You obviously want to fill the blank with the word "outside" but you could also have "out". The w2v algorithms are inspired by this idea. You'd like all words that fill in the blanks near, because they belong together. Therefore the words "out" and "outside" will be closer together whereas a word like "carrot" would be farther away.
This is sort of the "intuition" behind word2vec. For a real mathematical explanation of what's going on i'd suggest reading:
- GloVe: Global Vectors for Word Representation
- Linguistic Regularities in Sparse and Explicit Word Representations
- Neural Word Embedding as Implicit Matrix Factorization
For paragraph vectors, the idea is the same as in w2v. Each paragraph can be represented by its words. Two models are presented in the paper.
- In a "Bag of Word" way (the pv-dbow model) where one fixed length paragraph vector is used to predict its words.
- By adding a fixed length paragraph token in word contexts (the pv-dm model). By retropropagating the gradient they get "a sense" of what's missing, bringing paragraph with the same words/topic "missing" close together.
The paragraph vector and word vectors are averaged or concatenated to predict the next word in a context. [...] The paragraph token can be thought of as another word.
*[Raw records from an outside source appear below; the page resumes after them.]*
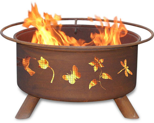 This Flower Garden fire pit is supported by three sturdy legs, welded in place to prevent the pit from wobbling. For safety, the fire pit includes a spark screen, which can be easily removed with the poker (pit hook). Every fire pit comes with this poker and a barbeque grill for easy outdoor grilling. Its portable design allows you to easily take your fire pit from the deck or patio to the beach or to your favorite camping spot. This natural rust patina fire pit comes fully assembled and has a 5- year warranty on the fire pit.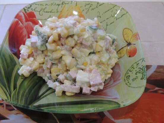 Салат из кукурузы, колбасы и яйца готов. Наслаждайтесь вкусом. Приятного аппетита.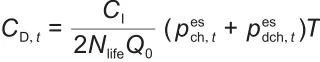 式(9)中,圖片鋰電池儲(chǔ)能系統(tǒng)的運(yùn)行折舊成本;圖片為鋰電池儲(chǔ)能系統(tǒng)的初始投資費(fèi)用,圖片為鋰電池儲(chǔ)能系統(tǒng)的平均循環(huán)壽命,圖片為鋰電池儲(chǔ)能系統(tǒng)的額定容量。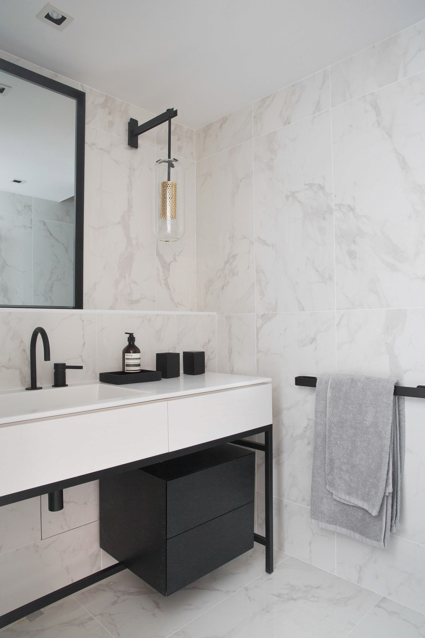 Un coin montagne se dissimule derrière des portes Jasno, tandis que la salle de bain, cachée derrière la cuisine, et la petite chambre discrètement intégrée, laissent toute la place à la grande pièce de vie. Haute sous plafond, elle donne une sensation d'espace inattendue pour ce petit appartement où tout a été pensé sur mesure
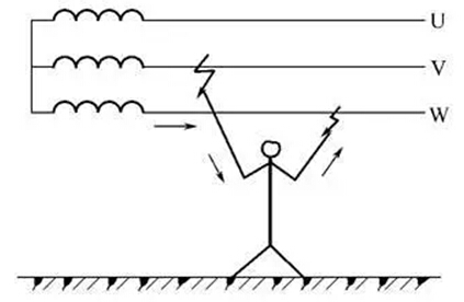 兩相觸電是指人體同時接觸設備或線路中的兩相導體而發(fā)生的觸電現象。若人體觸及一相火線、一相零線,人體承受的電壓為220V;若人體觸及兩根火線,則人體承受的電壓為線電壓380V。兩相觸電對人體的危害更大。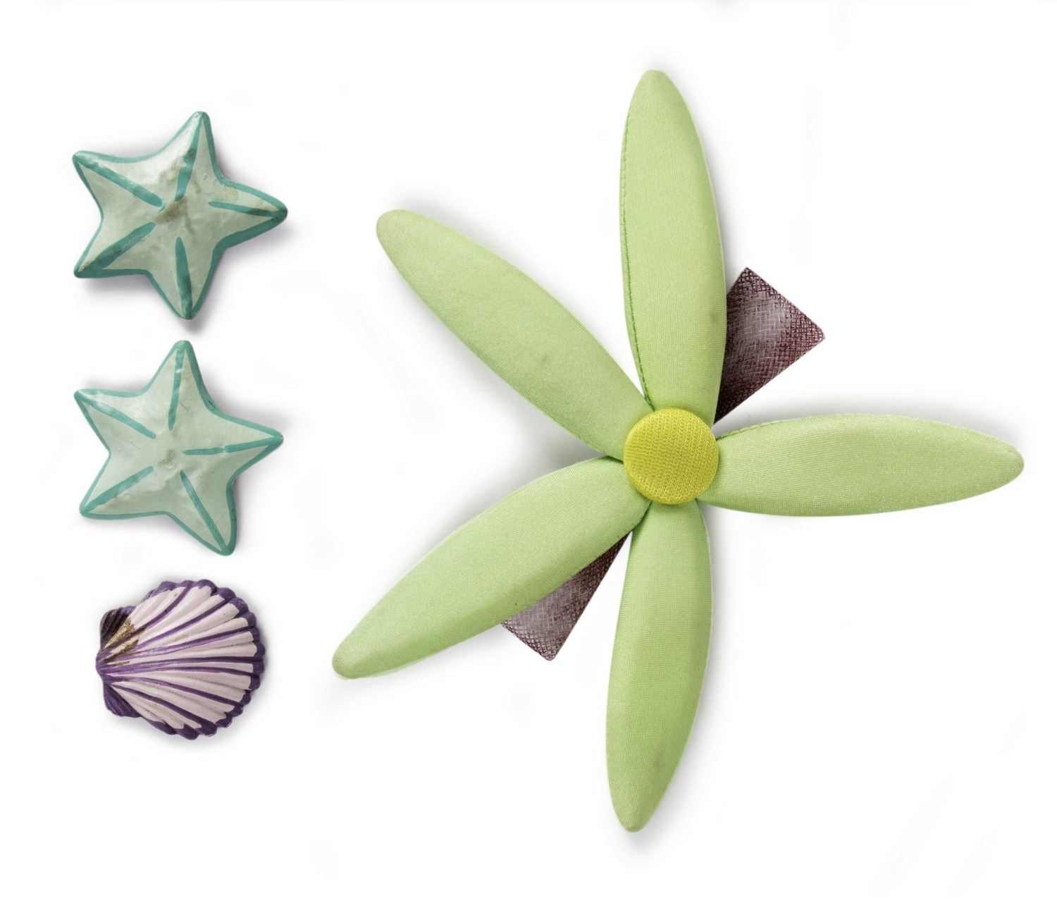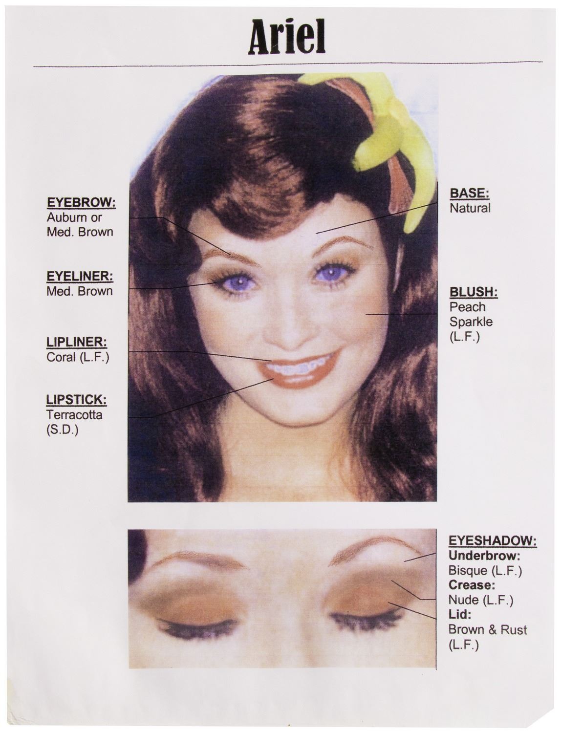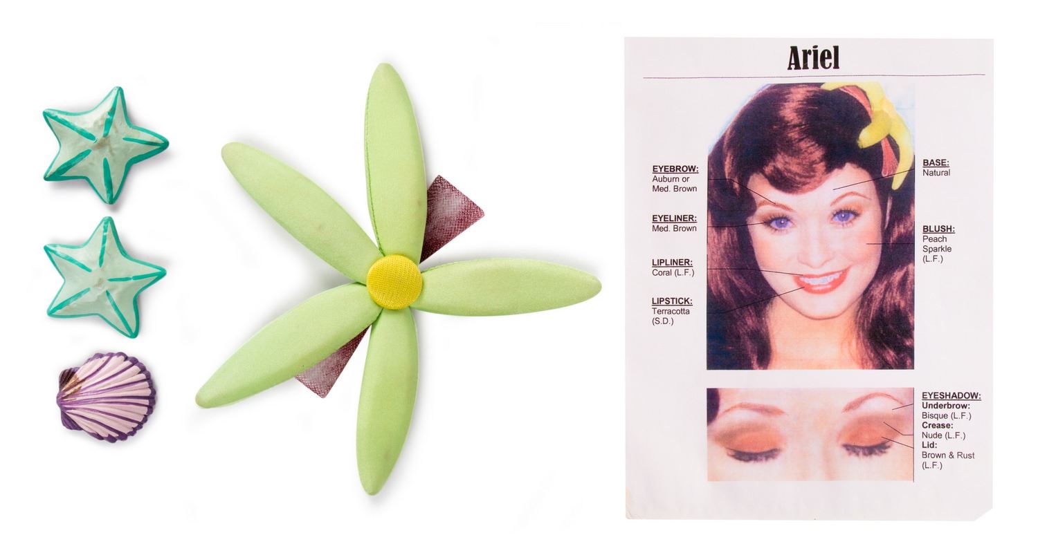 (Disneyland, c.2000) A set of props for an Ariel cast member costume at Disneyland. This set includes a starfish shaped hair accessory, as well as three small starfish and shell props. The headband includes a printed style sheet for the Ariel character which describes the types of makeup to be used and shows the headband in the photo. The smaller props are hand-painted and have velcro strips on the backs. The headband measures approximately 7" in diameter and the set is in very good condition overall with minor wear from use.

It acts as a memory that remembers what is missing from the current context – or the topic of the paragraph
For full understanding on how these vectors are built you'll need to learn how neural nets are built and how the backpropagation algorithm works. (i'd suggest starting by this video and Andrew NG's Coursera class)
NB: Softmax is just a fancy way of saying classification, each word in w2v algorithms is considered as a class. Hierarchical softmax/negative sampling are tricks to speed up softmax and handle a lot of classes.